Il existe des analyses, quoi qu'on en pense à wikipedia, c'est à dire quand bien même 
wikipedia et son équipe de rédacteurs les ignore et les méprise, bien qu'elle ne les connaisse pas. Mais l'ignorance n'a jamais empêché les wikipédiens d'avoir un avis et d'objecter, ni de tenir les intellectuels dans le plus grand mépris et de consisdérer que ce qu'ils racontent est sans intérêt. ça évite de les lire, c'est en effet plus facile.

Des éléments d'analyse suivant ceux qui précèdent  : Peter Sloterdjik répond aux questions d'E.Levy dans le Point du 16/10/08.

On rappellera d'abord que Sloterdjik analyse le capitalisme dans  son ouvrage « Le palais de cristal »  publié en 2006 (Maren Sell).
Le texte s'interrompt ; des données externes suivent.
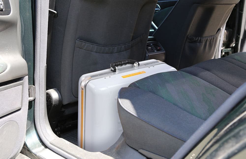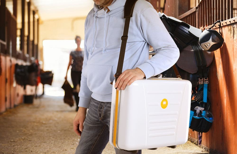 Das Leonardo DR mini II System ist ein leichter Röntgenkoffer für Tierarztpraxen und/oder Pferde- und Gemischtkliniken. Der Koffer wiegt nur 8,9 kg und gehört damit zu den leichtesten Röntgenkoffern auf dem Markt. Er ist akkubetrieben und kabellos, sodass er für den stationären und ambulanten Einsatz indoor sowie outdoor geeignet ist. Der Akku verspricht ein durchgehendes Arbeiten von ca. 4 Stunden, bevor er wiederaufgeladen werden muss.
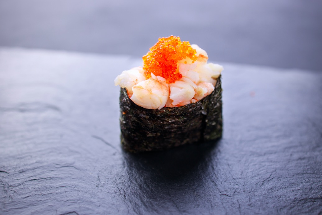 En japonés, "gunkan" significa literamente, "barca". Se trata de un nigiri envuelto con alga nori en forma de barca o cesta. El más famoso de todos lleva huevas anaranjadas de salmón de pez tobiko encima.
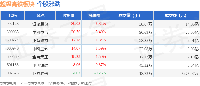证券之星消息,10月29日超级高铁板块较上一交易日上涨2.06%,银轮股份领涨。当日上证指数报收于4016.33,上涨0.7%。深证成指报收于13691.38,上涨1.95%。超级高铁板块个股涨跌见下表:
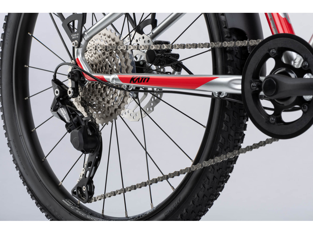 Model GHOST Kato 24 Pre EQ je 24-palcový detský horský bicykel vhodný do mesta, na cyklotrasy aj do lesa. Jeho hliníkový rám je optimalizovaný pre deti s výškou postavy medzi 125-140 cm a vďaka použitému materiálu model zostáva ľahký, pružný a odolný. GHOST Kato 24 Pre EQ má pevnú vidlicu, ktorá dieťaťu pomôže s prenosom energie do pedálov a tlmí vibrácie a nerovnosti na ceste. Spoľahlivé kotúčové brzdy Tektro a 10-rýchlostný prevodník sa stanú prínosom v drsnom teréne, zatiaľ čo nosič, predné svetlo a blatníky sa budú hodiť do mesta.
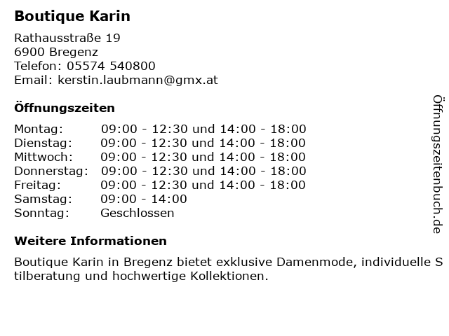 | Öffnungszeiten Boutique Karin in Bregenz anzeigen | |
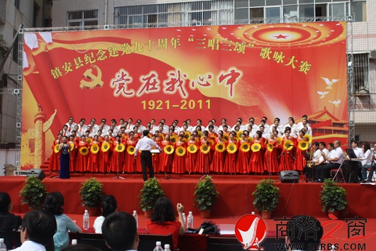 本網(wǎng)訊 (陳風(fēng)軍) 6月24日,鎮(zhèn)安縣委、縣政府在縣體育場隆重舉辦以“黨在我心中”為主題的紀(jì)念建黨90周年“三唱三頌”歌詠大賽,來自全縣機(jī)關(guān)單位、群眾團(tuán)體共計11支代表隊、2萬余人參加此次活動,鎮(zhèn)安縣28萬兒女以飽滿的激情、飛揚(yáng)的歌聲向黨獻(xiàn)禮!
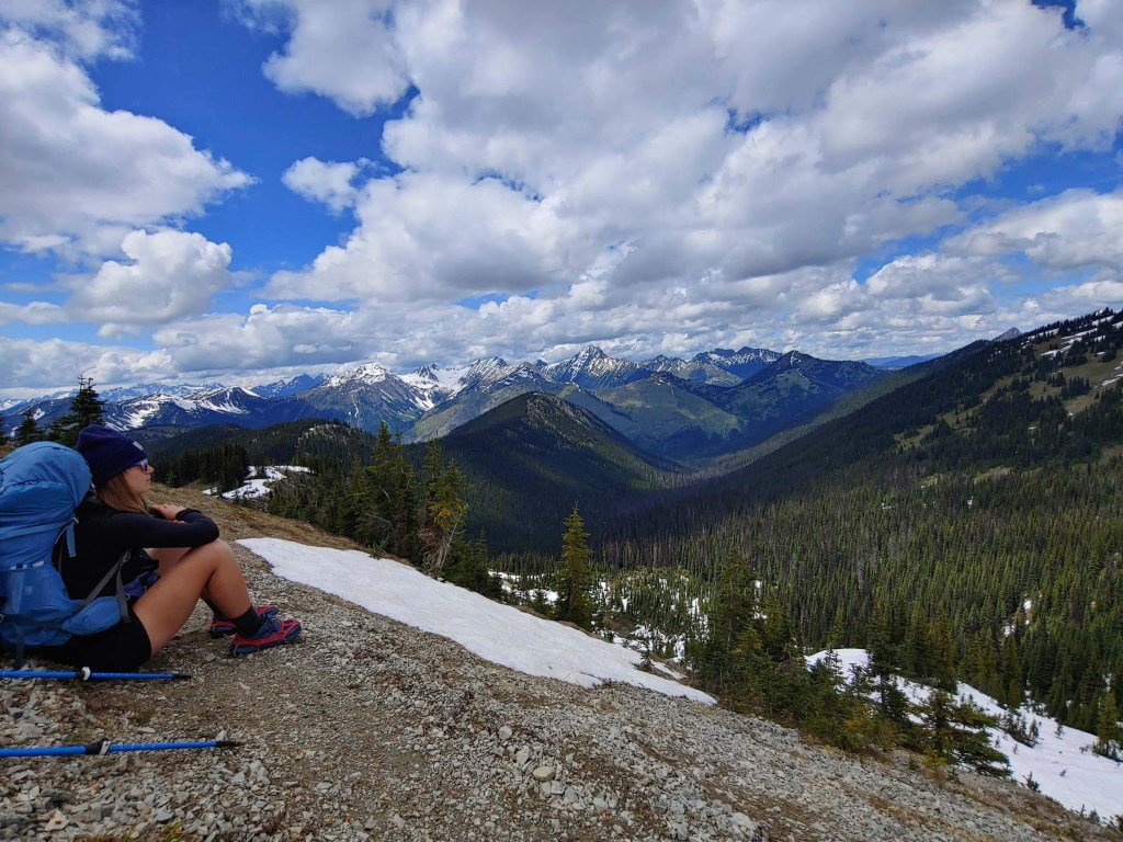 On day 6 we hiked up to Granite Pass and had to go up about 3,000 feet in elevation in about 5 miles. It was a little tough because of how much snow there was and the heavy backpacks but we made it up there. The trail was beautiful in this section with amazing switchbacks along the side of a cliff. We hiked a little over 10 miles on this day and found a campsite on the pass. It was a pretty open and sunny area that gave us a great look at the surrounding mountains. I am trying to keep a slow and steady pace for these first couple weeks of the hike so I don’t injure myself. It was a short day and I had to keep reminding myself that it’s okay to have short days and set up camp early. Sometimes I feel like I need to exhaust myself everyday but, again, I remind myself that this is a thru hike not a sprint.
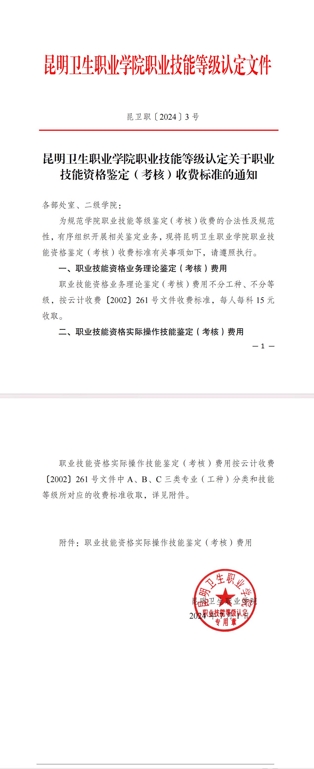 昆明卫生职业学院职业技能等级认定关于职业技能资格鉴定(考核)收费标准的通知
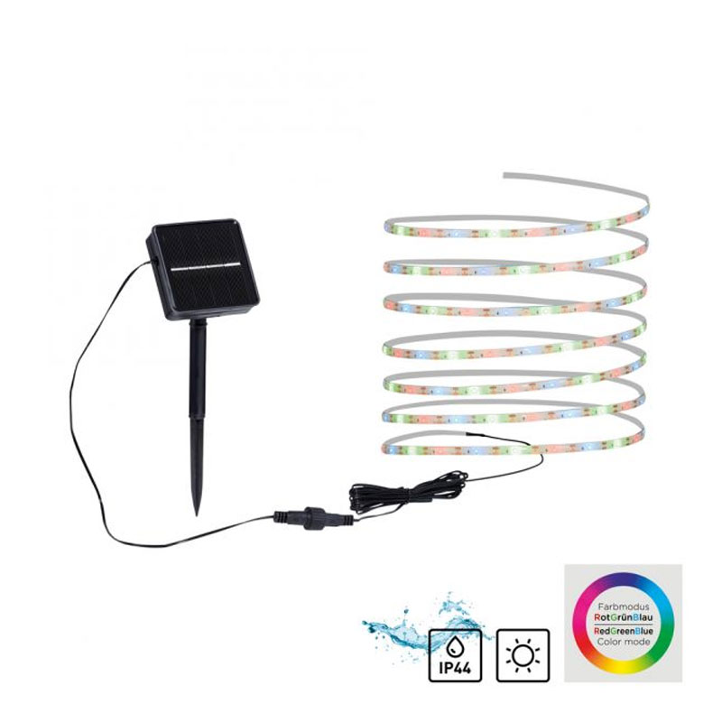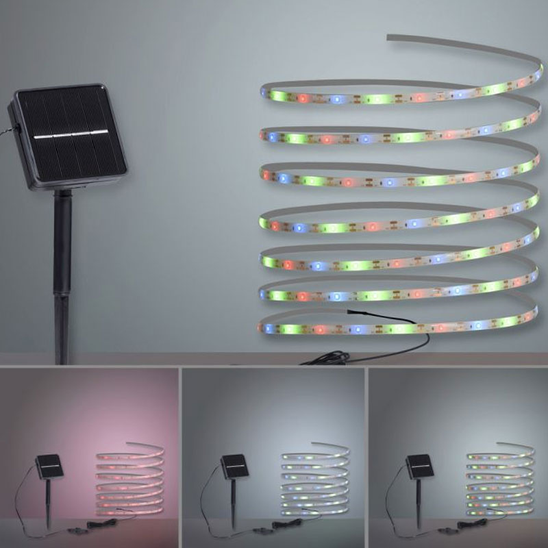 Соларната лента е с вградена батерия 1200mAh, която се зарежда от слънчевата енергия през деня и автоматично осветява градината след здрач; 8 различни цветови режима с RGB функция за смяна на цветовете - червен, зелен, син и техните комбинации; автоматичен цветен преход, който създава динамични светлинни ефекти; превключвател за включване и изключване; IP44 защита (защитен от твърди предмети до 1 мм и от пръскане от всички посоки), което я прави подходяща за външна употреба.
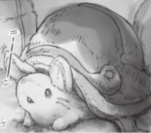 ライザの封書でのみ登場。「6層で雨宿り中に出くわしたこいつは卵のまま育つトカゲだ。幼体は 獰猛だが大して手間もかけずに食えて味もいい素敵なやつだ。この殻のおかげで鉄の雨もへっちゃららしい。」と記されていた。
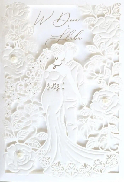 Elegancki karnet na Ślubny w formacie B6 z laserowo wycinanym wzorem. Delikatny, ażurowy motyw z symbolami ślubnymi. Wewnątrz miejsce na życzenia. Idealna pamiątka tego ważnego dnia.
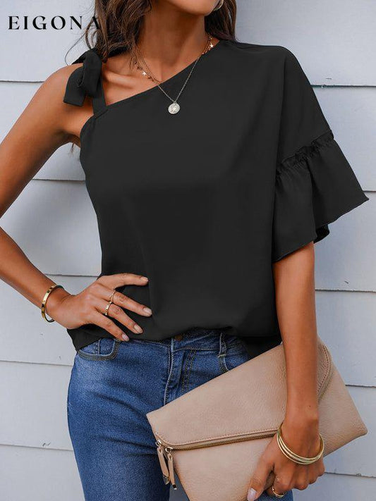 Dame mote diagonal krage Ruffle Sleeve Chiffon Topp
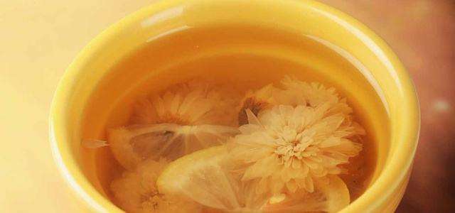 做法:1.将柠檬用盐搓洗干净,切片 2.往杯中放入菊花,冰糖,再放入柠檬片,注入开水 3.稍凉后加入蜂蜜,搅匀即可

Ce capitalisme qui pour les  occidentaux représenta pour un temps, l'espoir d'une fin de l'histoire, toutes contradictions abolies, depuis l'effondrement du système soviétique, et le rêve d'un libéralisme triomphant sans plus d'adversaires, jamais.

Cependant aujourd'hui, et comme en écho à ce qu'affirmait I. Wallerstein parlant de la fin d'un cycle capitaliste long, Peter Sloterdjik pense que si nous n'assistons pas  à la fin du capitalisme, nous assitons bel et bien à la fin d'un capitalisme financier qui s'est emballé jusqu'à l'absence de tout contrôle des mécanismes mis en jeu aboutissant à ce qu'il se retrouve dans le mur.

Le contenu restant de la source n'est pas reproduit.